Window Tax Credits Update

Window Tax Credits

In the US, a tax credit applies to the sum deducted from the amount of tax an individual or business is obliged to pay to the state. This credit may be given in the form of subsidy or to encourage people to invest or perform a certain constructive behavior for the condition of the state. There are many forms of tax credits, and each recognizes a specific type of action performed in support of the regulations made by the state.

Federal tax credits may take the form or may support non-refundable investment, historic rehabilitation, renewable energy use, renewable energy production, low income housing, work opportunity, or qualified school construction. Some counties, cities, or states may also offer tax credits for their jurisdictions that are similar to the ones offered on the federal level.

President Barack Obama enacted the Tax Relief, Unemployment Reauthorization, and Job Creation Act of 2010, signed on December 17. This law certifies homeowners for a 30% tax credit by making energy-efficient choices and purchasing Energy Star-certified products for their homes. There is a long list of products eligible for the tax credit, and some of which are windows, doors, skylights, and home appliances. In 2006 and 2007, the same law was already present, and it stated the same requirement for appliances and improvements with at least 30% energy efficiency. The same law was carried through 2009 and 2010.

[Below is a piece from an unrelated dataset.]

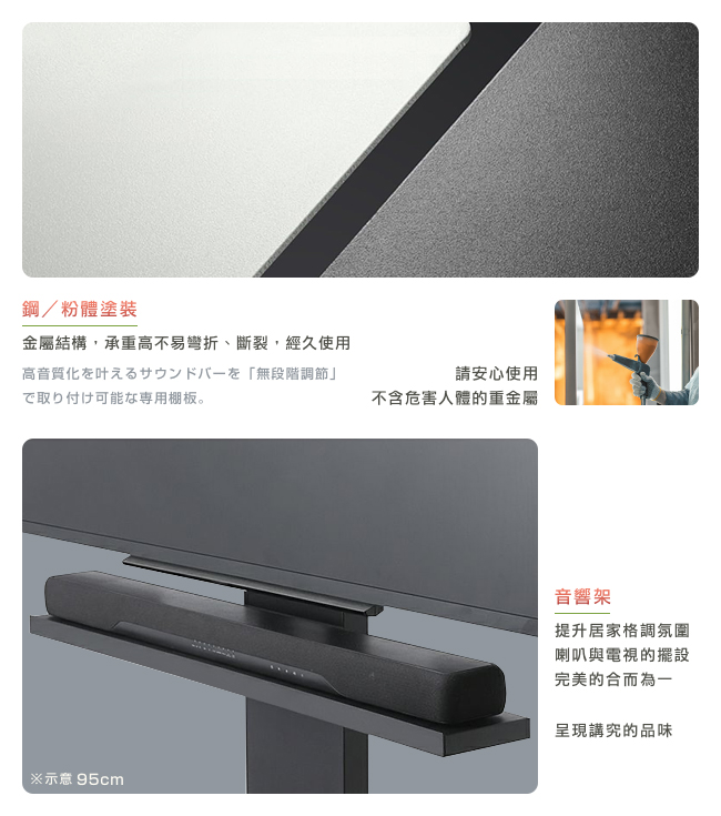 提升大電視觀影體驗的喇叭,該如何擺設,才能呈現出高音質的饗宴呢?依自己的喜好,無段式調整高度的 R3 專用層板架,讓聲波與您保持水平,環繞效果更具深度,並提升居家質感氛圍,讓電視不再枯燥乏味,而是獨特品味。使用鋼結構,最高承重 10kg,堅固耐久,放心擺設專業喇叭。

Although the energy or window tax credit enacted by the Obama administration sounds good, it is certainly not absolute. Homeowners should take some considerations because not all energy-saving appliances and improvements they buy or make may be qualified for the tax credit. As stated by the law, only products and home improvements meeting Energy Star requirements are eligible, and these items must be installed in the taxpayer’s own residence, not in new construction homes and rental homes. Also, the products and improvements must be placed in service by December 31, 2010, which means that the new energy-efficient additions must be operable by that date.

If the homeowner resides in a condominium, a mobile home, or a cooperative apartment, he or she is still eligible for the window tax credit as long as the home follows the guidelines of the Federal Manufactured Home Construction and Safety Standards. The homeowner should also ensure that the products have the Energy Star label, even though it may look a little different depending on the product. It should also be noted that the amount of credit is by product or type: $200 is maximum for windows; $500 is maximum for doors; and improvements like fuel cells, solar panels, geothermal heat pumps, and solar-powered water heaters have no maximum credit amount.

This window tax credit can certainly impact the price of an overall home improvement job. For instance, if the homeowner purchased a new energy-efficient window for $500 in 2014, he can claim a credit of $150 on his federal tax income return for that year. This means that he is still qualified to claim a remaining $50 for another appliance. However, if he installed two windows, he could only claim the maximum $200 window tax credit and not $300, which is the 30% of $1000.

To apply for the window tax credit, homeowners should fill out the necessary forms available from the Internal Revenue Service website. Take note that there is a specific form for renewable and efficiency credits, plug-in motor and electric vehicle credits, and alternative motor vehicle credits. Also, they should save or produce a copy of all documents including receipts and certifications. They should discuss matters with an expert if they have certain questions and concerns in claiming their tax credits.